Our analysis of employment, hours worked, hourly wages, and weekly labour earnings focuses on wage and salary workers, as minimum wage laws do not apply to the self-employed.[13] The second and fourth columns pertain to the wage or salary workers in our data. Compared to the full samples, these workers are, on average, older, more likely to be male, married, have European ethnicity (and less likely to be Maori, Pacific Islander or Asian), less likely to be studying or receiving benefit income, and have higher total incomes.
Notes
- [6]The sampling frame for the HLFS is updated every five years following the New Zealand Census. When this occurs, more complicated panel rotation rules are used to reduce the transition period to the new frame.

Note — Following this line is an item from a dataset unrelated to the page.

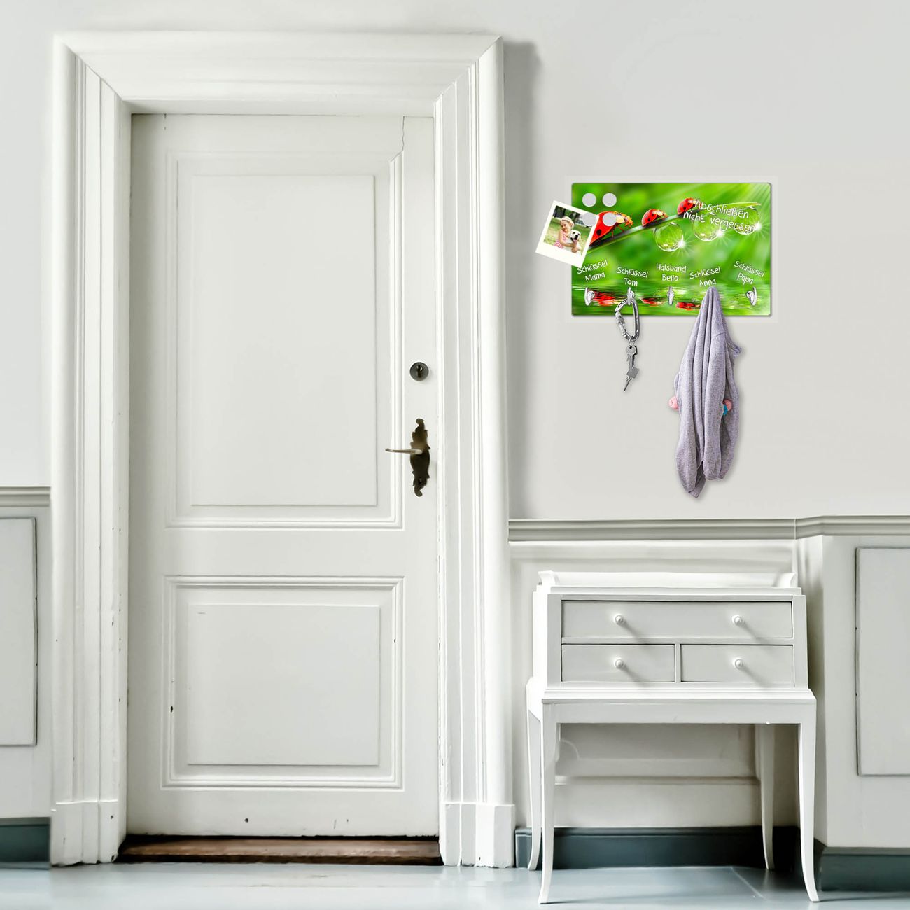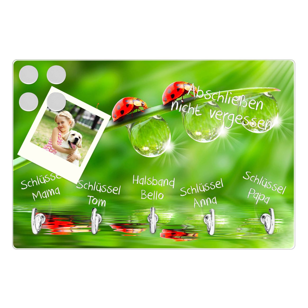 FUNKTION: Mit dem banjado Schlüsselbrett Für Jeden Einen hat Ihre Suche nach dem Schlüsselbund endlich ein Ende! Auf gesamt 5 Haken finden auch die größten Schlüssel ihren Platz. Durch den farbenfrohen Motivdruck ist das Schlüsselboard ein Blickfang in jeder Wohnung. DESIGN: Die Schlüsselleiste mit Motiv Für Jeden Einen hat ein sehr ansprechendes und ausgefallenes Design. Das Glasboard besteht aus einer gehärteten Glasscheibe mit dem Motiv Ihrer Wahl. Ihre neue Schlüsselaufbewahrung ist funktionell und ein optisches Highlight. DETAILS: Das Schlüsselbrett ist 30 x 20 x 4,5 CM (BxHxT). Das ganze Board besteht aus gehärtetem Sicherheitsglas, die Haken zur Selbstmontage präsentieren sich in Edelstahl-Optik. Für einen sicheren Halt erfolgt die Aufhängung an 2 vorgefertigten Haltern an der Rückseite. Das Montagematerial fügen wir bei. NUTZEN: Hier findet alles seinen Platz: Schlüsselbunde, Geschirrtücher, Hundeleinen oder Kinderjacken. Das Glas kann mit Kreidestiften bzw. Whiteboard-Marker beschrieben werden, mit extrastarken Neodym-Magneten können Sie auch Notizen anheften. BANJADO: Wir sind ein kleines Team aus dem Herzen von Sachsen und fertigen Ihre neue Schlüsselaufbewahrung von Hand an. Sie erhalten Handarbeit und keine preiswerte Importware. Wir hoffen, dass Ihnen unsere Idee zusagt, herzlichst das banjado Team.
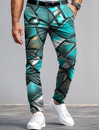 Καρό / Τετραγωνισμένο Γραφικά Σχέδια Γεωμετρία Καθημερινό Ανδρικά 3D εκτύπωση Παντελόνια ΕΞΩΤΕΡΙΚΟΥ ΧΩΡΟΥ Δρόμος Φορέστε στη δουλειά Πολυεστέρας Ανθισμένο Ροζ Θαλασσί Πράσινο Τ M L Μεσαία Μέση

- [7]The information collected in the HLFS does not allow us to accurately identify individuals who are studying if they have finished secondary school and are in the labour force. This makes it difficult to meaningfully compare study rates across groups with different participation rates.
- [8]Fifteen year-olds are not covered by minimum wage legislation and thus we choose to exclude them from our current analysis. Although they may provide a suitable comparison group, the minimum schooling leaving age of 16 means that all employed 15 year-olds will be school pupils working part-time.
- [9]HLFS proxy interviews are used for 50, 38, and 27% of 16-17, 18-19, and 20-25 year-olds respectively. The vast majority of these are conducted with one of the sample member’s parents. We only have information on whether any Income Survey data for a particular observation has been imputed: data has been imputed for 11, 13, and 13% of 16-17, 18-19, and 20-25 year-olds, respectively. Also, in rare circumstances, proxy interviews are used for the income survey: this occurs for 4, 2, and 2% of 16-17, 18-19, and 20-25 year-olds respectively.
- [10]Appendix tables A1 and A2 present summary statistics comparing the proxy and imputed data to non-proxy, non-imputed observations in the HLFS and HLFS-IS samples. One key finding is that teenagers who are employment are much more likely to have their data collected by a proxy interview.
- [11]Note that these states are not all mutually exclusive – e.g. students may also be working. Labour market inactivity is defined as neither working nor studying. Study rates are higher in the annual samples because we are able to use receipt of student benefits to further classify individuals as students.
- [12]In our regression analysis, 255 observations are dropped from models of hours worked and 145 observations are dropped from models of labour earnings because of missing data or zero values on these outcomes. An additional 64, 31, 17, and 4 observations are dropped from all models with covariates using the full quarterly sample, the wage and salary quarterly sample, the full annual sample, and the wage and salary annual sample, respectively, because of missing marital status or country of birth. To handle non-positive incomes, we have censored weekly incomes at the 1st percentile of the positive all age income distribution.
- [13]We often refer to wage and salary workers simply as ‘workers’ throughout the paper. When the distinction is not obvious, we will be explicit.